START DATA EXCERPT

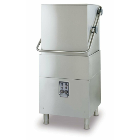 Átfutó rendszerű kalapos mosogatógép tankfilterrel és öblítőszer adagolóval, Opcionálisan rendelhető: ürítőszivattyú, mosószer adagoló, inox tank filter és inox mosó karok Ciklusidő: 60/120/180 mp. Hasznos belmagasság: 43 cm Kapacitás: 3000-1500 pohár/óra; 1080-540 tányér/óra Kosárméret: 50x50 cm Mosószivattyú kapacitása: 840Lt/perc Mosótér kapacitás: 55 l Bojlerkapacitás: 9 l Mosási/öblítési hőmérséklet: 55°C/85°C Teljesítmény: 7
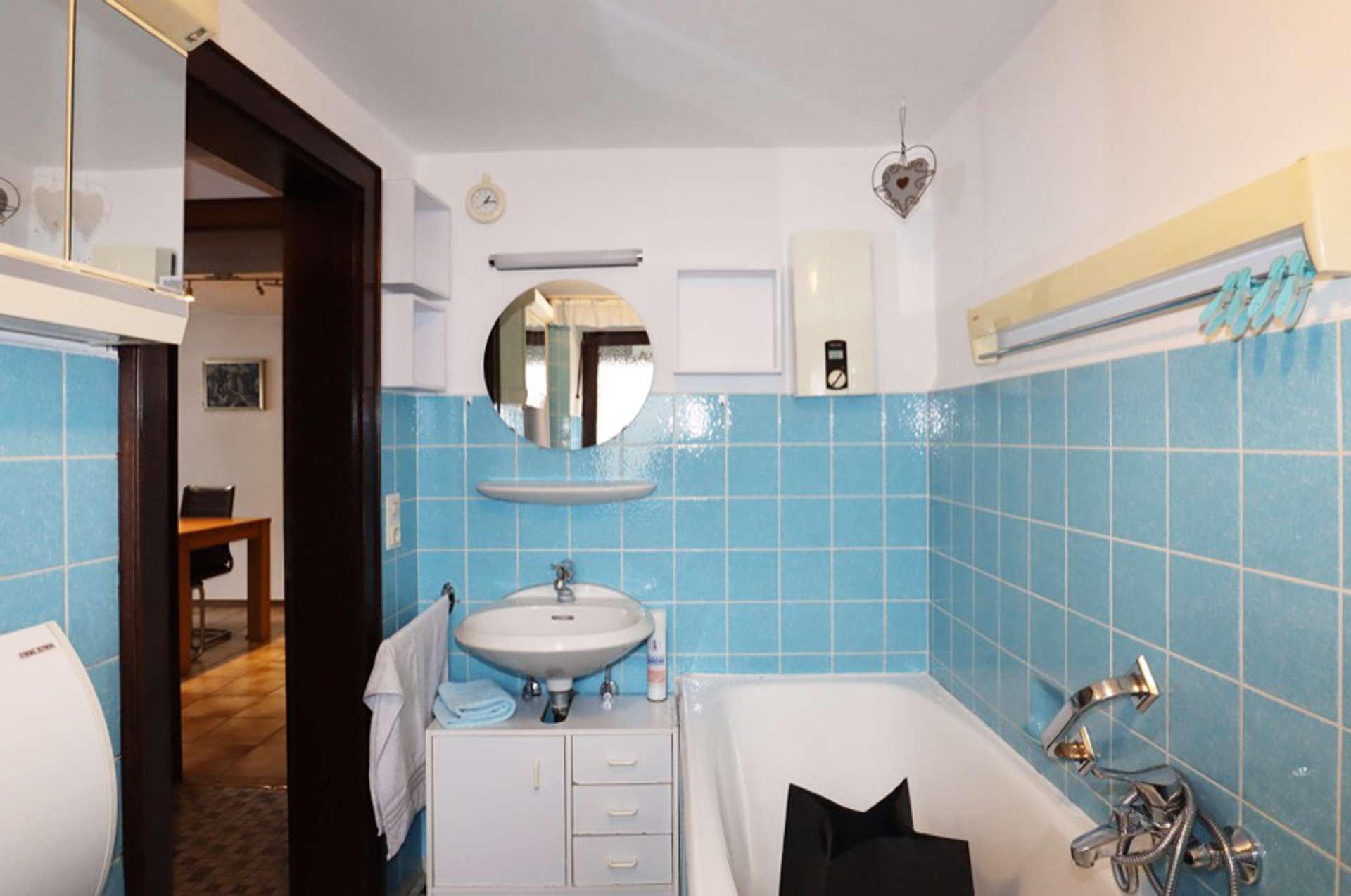 Holz- / Kunststofffenster mit Doppelverglasung. Nachtspeicheröfen, Kaminofen. Warmwasserbereitung über Durchlauferhitzer.
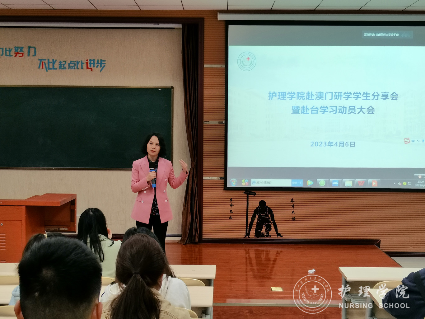 4月6日,YABO鸭脖在百川楼1101教室召开赴澳门研学学生分享会暨赴台学习动员会,会议通过线上线下相结合的形式开展。YABO鸭脖党委书记杨英、党委副书记兼纪委书记何为、团委副书记王晓玲、妇儿科教研室教师戴黎黎、辅导员刘文壮、兰光倩及学生代表出席本次会议。会议由辅导员梁子豪主持。

END DATA EXCERPT

The lines to copy run from the line containing "Holz- / Kunststofffenster" through the end of the data above; copy exactly those, minus the pictures.

OUTPUT FOR THIS EXERCISE -
 Holz- / Kunststofffenster mit Doppelverglasung. Nachtspeicheröfen, Kaminofen. Warmwasserbereitung über Durchlauferhitzer.
 4月6日,YABO鸭脖在百川楼1101教室召开赴澳门研学学生分享会暨赴台学习动员会,会议通过线上线下相结合的形式开展。YABO鸭脖党委书记杨英、党委副书记兼纪委书记何为、团委副书记王晓玲、妇儿科教研室教师戴黎黎、辅导员刘文壮、兰光倩及学生代表出席本次会议。会议由辅导员梁子豪主持。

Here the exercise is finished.